Next, we demonstrated that nFHs could be coated on various material substrates such as glass, indium tin oxide (ITO)-coated glass, polyethylene terephthalate (PET) film, and cylindrical Pt wire after pre-coating with a positively charged polymer layer (Fig. 2a) [30]. Furthermore, an arbitrary spatial pattern of nFHs could be easily formed on a flat surface by employing micro-contact printing. Once the positively charged PLL layer was patterned with the micro-contact printing method, the resultant substrate was covered with the nFH dispersion for 1 min, followed by rinsing.
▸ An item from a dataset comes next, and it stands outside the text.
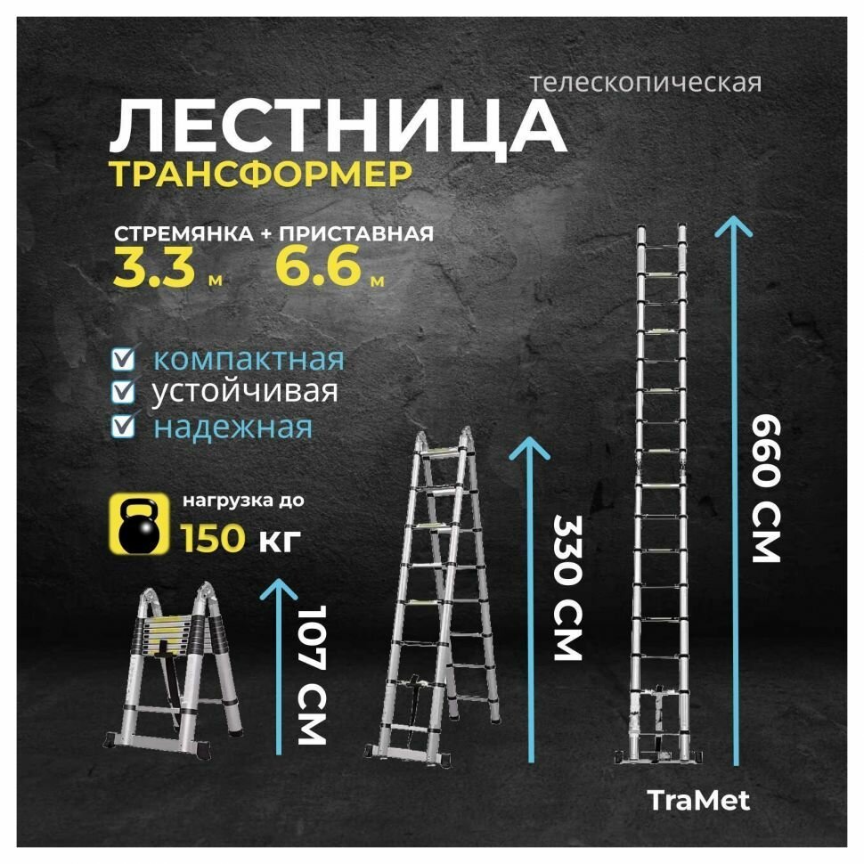 Купить Лестница алюминиевая телескопическая 6,6 м (3,3+3,3) TraMet TR5066 с доставкой по всей России. Лестница алюминиевая телескопическая 6,6 м (3,3+3,3) TraMet TR5066: сравнение цен, характеристики, фото, актуальное наличие и цены.

Note that the nFH layer was selectively deposited only on the positively charged PLL pattern, not on the negatively charged glass surface, via electrostatic interaction (Fig. 2b, c).

Fig. 2
figure 2

a Coating of of nFHs on flat glass, ITO, PET substrates, and a Pt wire. b Schematic illustration of nFH patterning with the micro-contact printing method. c Confocal microscopy images of patterned nFHs on a PLL-coated glass substrate. d Confocal microscopy images of drop- and bar-coated nFHs at designated bar-moving speeds. e Statistical distributions of nFHs shown in d. f Schematic illustration of aligning nFHs under shear forces

Anisotropic coating of nFHs using a wired bar coater

The drop-coated nFHs showed a uniform but random distribution of nFHs, whereas the bar-coated nFHs showed a specific directionality parallel with the shear force direction (Fig. 2d). It is noteworthy that as the bar moved faster, larger shear force could be produced, and the resultant directional distribution of nFHs became narrower down to ± 20° (Fig. 2e). To our knowledge, this is the first demonstration of uni-directionally aligned hydrogel nanofibers. A schematic illustration of shear force generation and nFH aligning during the bar-coating is depicted in Fig. 2f. 1) Due to the hydrophilicity of a cylindrical metal bar wrapped with metallic wires, the aqueous nFH dispersion is attracted to the bar at the interface while the Marangoni effect produces a strong shear force. As a result, the coated nFHs showed a specific directional alignment in parallel with the shear force to reduce the resistance against the solution flow [31]. 2) The moving bar transfers its momentum to the nFHs by directly applying an additional shear force. 3) The bumped nFH flow under the bar and a weak shear force are produced by minimizing the Marangoni effect when the bar passes. 4) The aligned nFH layer is tethered on a PLL-coated substrate via electrostatic interaction.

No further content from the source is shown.